Directions ▸
Reproduce, exactly and only, the lines of the data that follows from the one containing "Entre os itens" down to the one containing "محمدپرست، عثمان (1401-1307", without pictures.

[[ Source material, beginning ]]

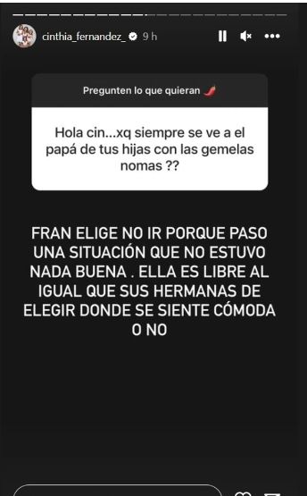 En esa fascinación por hablar en su Instagram, Cinthia activó el feedback con sus millones de seguidore y así le cayó una pregunta filosa: "¿Por qué se ve siempre al papá de tus hijas con las gemelas nomás?". Una incógnita que supuestamente le extendió un usuario.
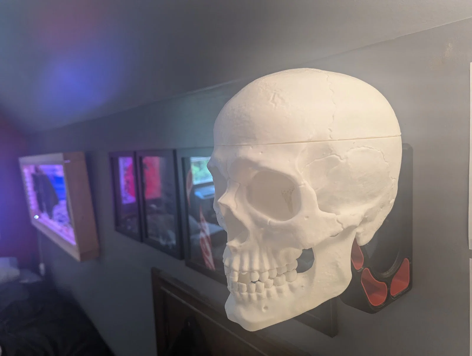 Chào mọi người. Sau khi có người liên hệ về vấn đề bản quyền, mình đã quyết định thay đổi hệ thống giá treo từ mặc định sang thiết kế riêng của mình. Phần giá treo vẫn giữ kích thước hình chữ nhật 40x40mm nhưng đã được thay đổi so với bản gốc. Hệ thống ốc vít và kích thước cũng đã được điều chỉnh lại. Mình đã tích hợp mẫu đầu lâu người từ dự án . Đầu lâu đã được thu phóng để tiệm cận với kích thước thật của đầu người trưởng thành và có sẵn khe cắm để gắn lên giá. Mình khuyên các bạn không nên thay đổi kích thước mô hình trong phần mềm slicer vì sẽ làm hỏng độ khớp của giá treo. Để sản phẩm hoàn thiện đẹp mắt, bạn cần cài đặt layer height thấp. Do mô hình có nhiều chi tiết phức tạp và kích thước lớn, quá trình in có thể mất vài ngày. Bạn bắt buộc phải dùng support cho phần đầu lâu. Mình thấy support kiểu organic hay bị lỗi nên mình chọn dùng Snug support thấy ổn hơn. Cảm ơn @HW0IXCZ và @Otech Michal vì những mô hình tuyệt vời và cảm hứng sáng tạo! Cảm ơn cả những bạn đã giúp mình giải đáp thắc mắc trên r/printables nữa! :D Lời nhắn cuối: Đầu lâu trong ảnh không hoàn toàn giống hệt mẫu mình cung cấp (do mình chọn mẫu gần giống nhất). Việc này do xung đột bản quyền giữa các mô hình. Mình đã đổi sang mẫu đầu lâu có cùng điều kiện bản quyền với giá treo mũ. Dù có một vài chi tiết khác biệt nhỏ nhưng nhìn chung nó vẫn mang lại hiệu ứng như mình mong đợi. Cả hai mẫu đều có đủ răng nhưng do lỗi in ấn nên ảnh chụp bị thiếu 2 cái răng. Mình thấy cũng không sao, thậm chí còn thấy nó ngầu hơn. :)
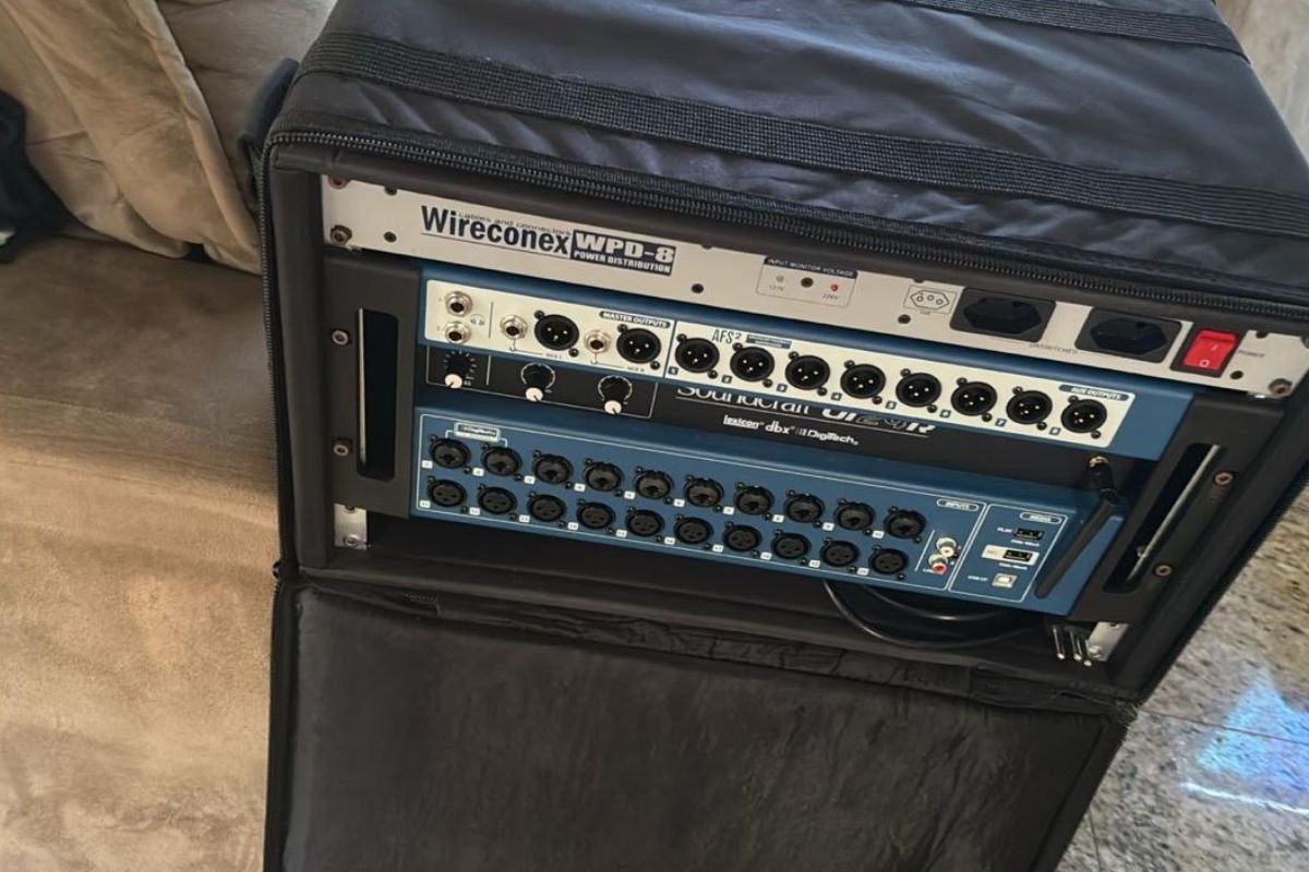 Entre os itens levados durante o crime estão: iPhone 13 Pro Max verde, MacBook Air 2025, pedaleira Roland GT-100, mesa de som Soundcraft Ui24, Apple Watch série 6 Nike, três microfones sem fio Shure, quatro microfones sem fio Dylan, dois transmissores Dylan, uma placa de áudio Gasto Track, um violão preto slim Godin e uma maleta com oito transmissores sem fio do tipo bodypack.
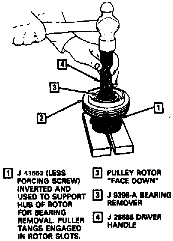 5. To prevent damage to the pulley rotor during bearing removal the rotor hub must be properly supported.
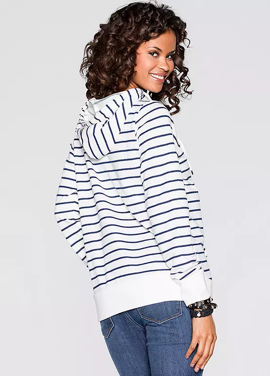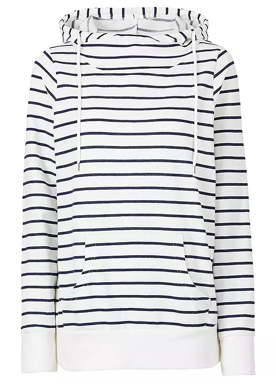 Casual cotton jersey hoodie featuring a high drawstring collar and a front pouch pocket.
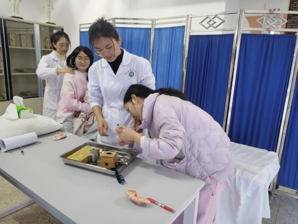 创新实施“11355”协同育人工程,以“提灯书院”一站式管理平台为中枢,整合13个多功能空间,打造“15分钟成长生态圈”。其中,双创空间已孵化“橘井草堂”“小郎中”等特色项目,中医护理体验馆开馆以来开展培训活动20余场次,参与培训、体验及志愿服务达2000余人次。学院特别成立由55名师生组成的功能型党支部,实施"护理+X"育人工程,开展“杏林天使”系列育人活动,形成“专业课堂-项目实践-社区服务”育人链。
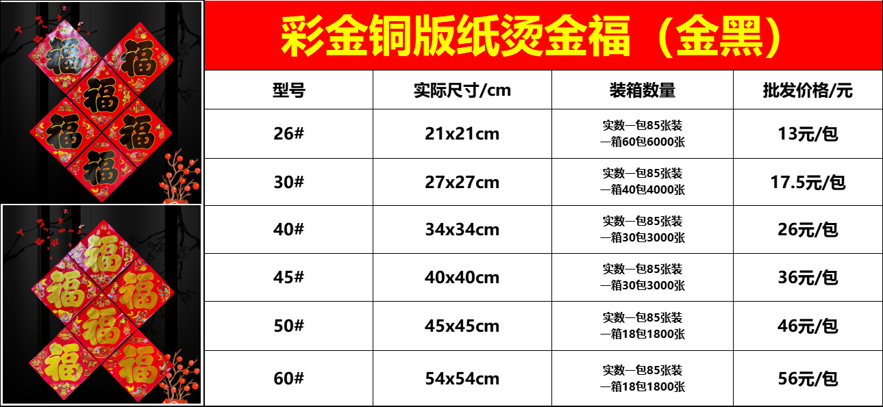 彩金铜版纸烫金福字,价格尺寸详情请看第一张照片图!按包拿货(不散拿),铜版纸浮雕烫金工艺……26# 30# 40# 45# 六图50# 60# 三图六个尺寸…黑色金色尺寸可选款式图案随机发,实际尺寸和尺寸表误差1公分左右属于正常……特别提醒,实际每包85张装
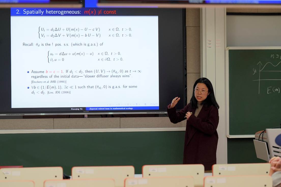 何小清教授作报告“Some recent progress on dispersal related issue in Mathematical ecology”
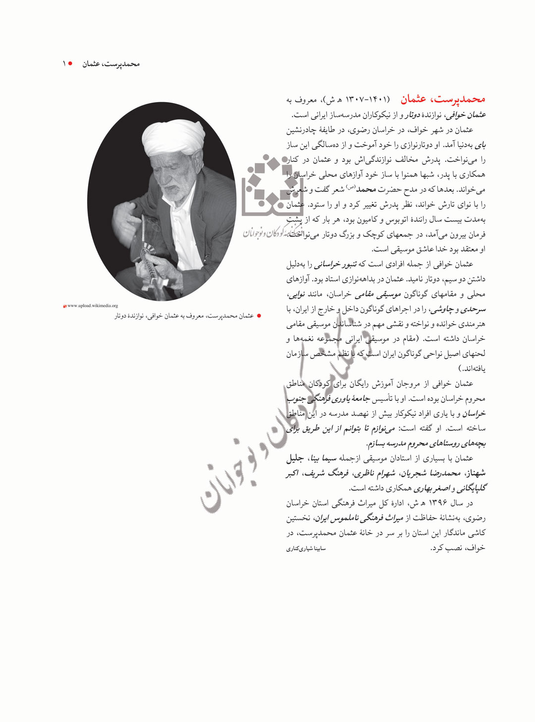 محمدپرست، عثمان (1401-1307 ﻫ ش)، معروف به عثمان خوافی، نوازندۀ دوتار و از نیکوکاران مدرسه‌ساز ایرانی است.
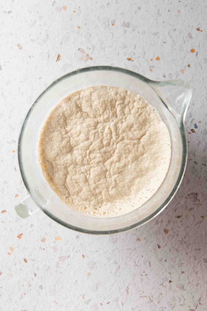 Lass den Hefeteig zugedeckt an einem warmen Ort ca. 30-60 Minuten aufgehen bis er sein Volumen verdoppelt hat.
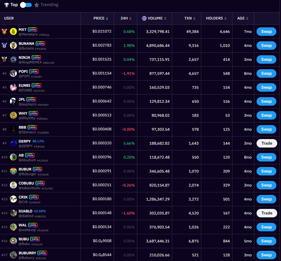 MemeX ํํผ๋ฅผ ์ ๊ฐ ๋ค์ด๊ฐ๋ณด์๋๋ฐ์. Leaderboard๋ฅผ ๋๋ฅด๋ฉด ์ฒ์๋ณด๋ ๋ฐ์ฝ์ธ๋ค์ด ์์ฒญ ์ฐ์์ ๋์ด๋์ด ์์ต๋๋ค. ์ ๋ ๋ฐ์ฝ์ ์ง์ฌ์ด ์๋์์๊น์?
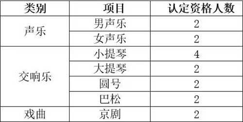 備注:如某項目考生生源質(zhì)量未達到我校高水平藝術團發(fā)展需要,我校將在相關項目間調(diào)劑認定資格名額。
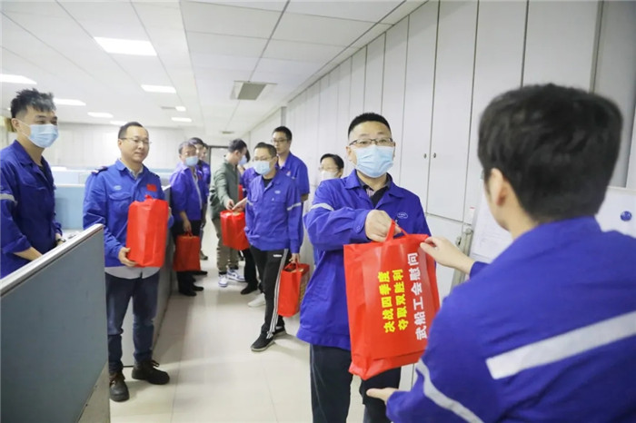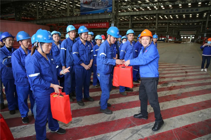 目前,因在制產(chǎn)品周期緊任務(wù)重,為沖刺2020年度目標(biāo)任務(wù),中國船舶武船集團(tuán)干部職工雙節(jié)期間仍然堅(jiān)守工作崗位,奮戰(zhàn)在重點(diǎn)產(chǎn)品、重大節(jié)點(diǎn)施工現(xiàn)場。10月3日,公司領(lǐng)導(dǎo)王渭齡、田軍、唐瀅及公司工會分別在武昌、雙柳廠區(qū)慰問國慶、中秋雙節(jié)期間加班的一線職工和技術(shù)管理人員,表達(dá)公司黨委、行政和工會對各地節(jié)日加班職工的關(guān)心問候和祝福,并送去慰問品。
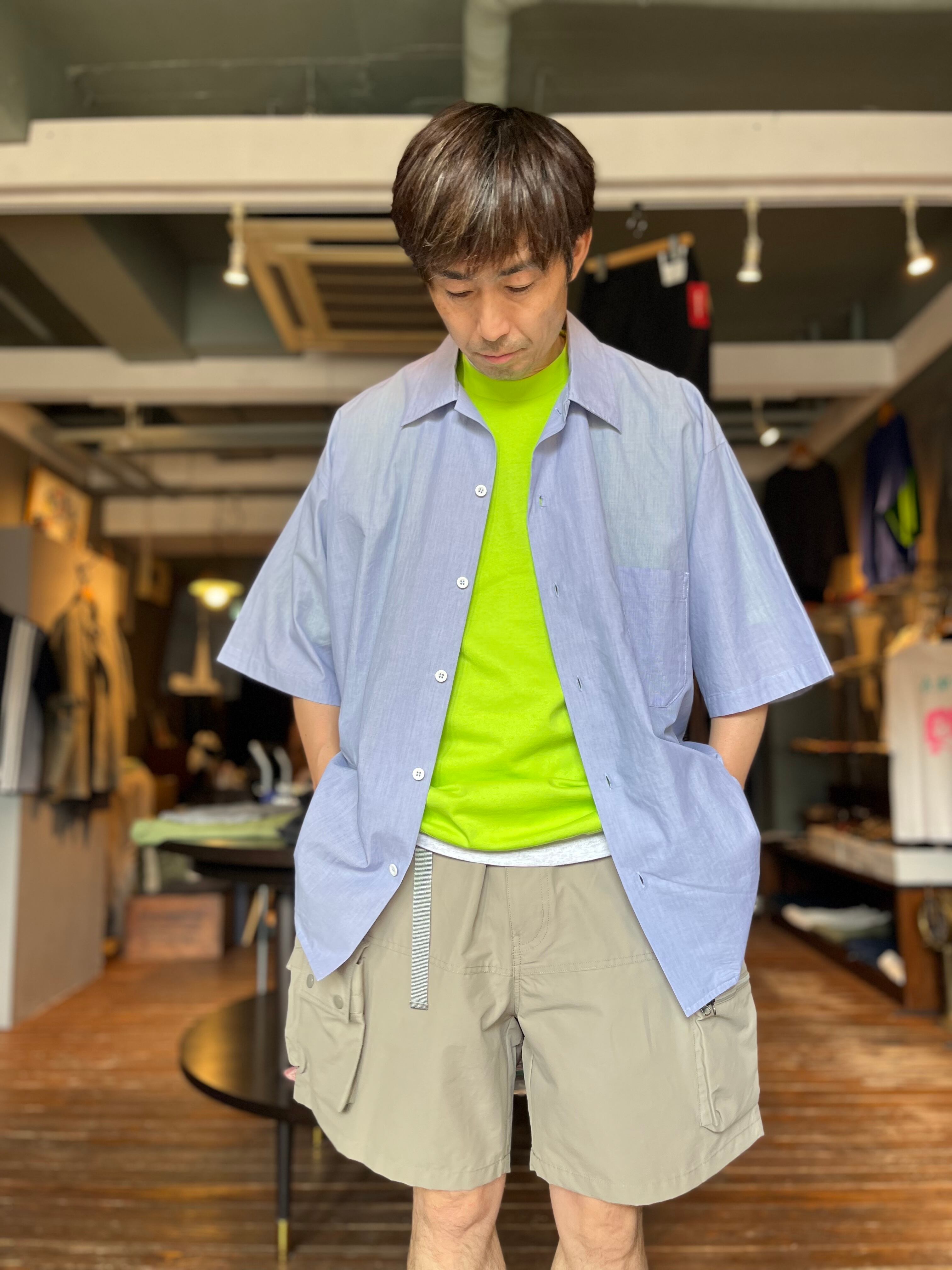 シルエットはリラックス感のあるワイドフィットで仕上げました。ワンポイントになるイニシャルロゴワッペン付き。ワイドなサイズ感と、少し長めの袖丈がポイントです。
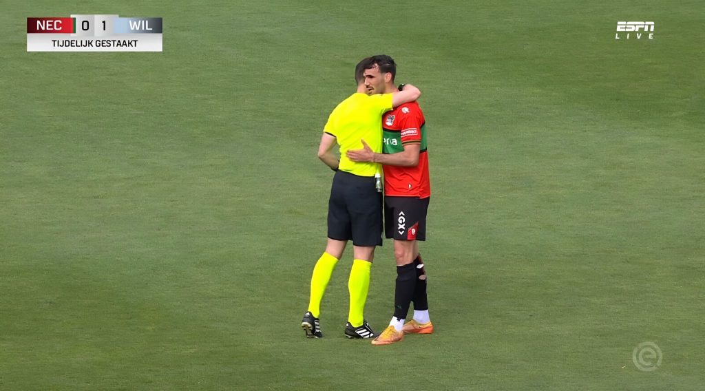 Afgelopen zaterdag kreeg N.E.C. Willem II op bezoek in Nijmegen, maar de wedstrijd verliep niet zoals de meeste duels. Nog voor de rust botsten N.E.C.-spelers Proper en Ogawa hard tegen elkaar, waarna Proper stil bleef liggen. Terwijl het medisch team zich over Proper ontfermde, vormden spelers van beide clubs een haag om hem heen – om publiek en camera’s het zicht te ontnemen. Spelers, trainers, arbitrage en toeschouwers waren zichtbaar aangeslagen en sommigen lieten de tranen de vrije loop. Nog geen vijf minuten later werd de wedstrijd opnieuw stilgelegd, toen iemand in het publiek onwel raakte. Scheidsrechter Danny Makkelie, die de wedstrijd floot, kreeg veel lof voor zijn handelen tijdens deze ingrijpende momenten. Hij deelt zijn openhartige verhaal op LinkedIn en roept op tot meer menselijkheid in het voetbal.

[[ Source material, end ]]

Solution ▸
 Entre os itens levados durante o crime estão: iPhone 13 Pro Max verde, MacBook Air 2025, pedaleira Roland GT-100, mesa de som Soundcraft Ui24, Apple Watch série 6 Nike, três microfones sem fio Shure, quatro microfones sem fio Dylan, dois transmissores Dylan, uma placa de áudio Gasto Track, um violão preto slim Godin e uma maleta com oito transmissores sem fio do tipo bodypack.
 5. To prevent damage to the pulley rotor during bearing removal the rotor hub must be properly supported.
 Casual cotton jersey hoodie featuring a high drawstring collar and a front pouch pocket.
 创新实施“11355”协同育人工程,以“提灯书院”一站式管理平台为中枢,整合13个多功能空间,打造“15分钟成长生态圈”。其中,双创空间已孵化“橘井草堂”“小郎中”等特色项目,中医护理体验馆开馆以来开展培训活动20余场次,参与培训、体验及志愿服务达2000余人次。学院特别成立由55名师生组成的功能型党支部,实施"护理+X"育人工程,开展“杏林天使”系列育人活动,形成“专业课堂-项目实践-社区服务”育人链。
 彩金铜版纸烫金福字,价格尺寸详情请看第一张照片图!按包拿货(不散拿),铜版纸浮雕烫金工艺……26# 30# 40# 45# 六图50# 60# 三图六个尺寸…黑色金色尺寸可选款式图案随机发,实际尺寸和尺寸表误差1公分左右属于正常……特别提醒,实际每包85张装
 何小清教授作报告“Some recent progress on dispersal related issue in Mathematical ecology”
 محمدپرست، عثمان (1401-1307 ﻫ ش)، معروف به عثمان خوافی، نوازندۀ دوتار و از نیکوکاران مدرسه‌ساز ایرانی است.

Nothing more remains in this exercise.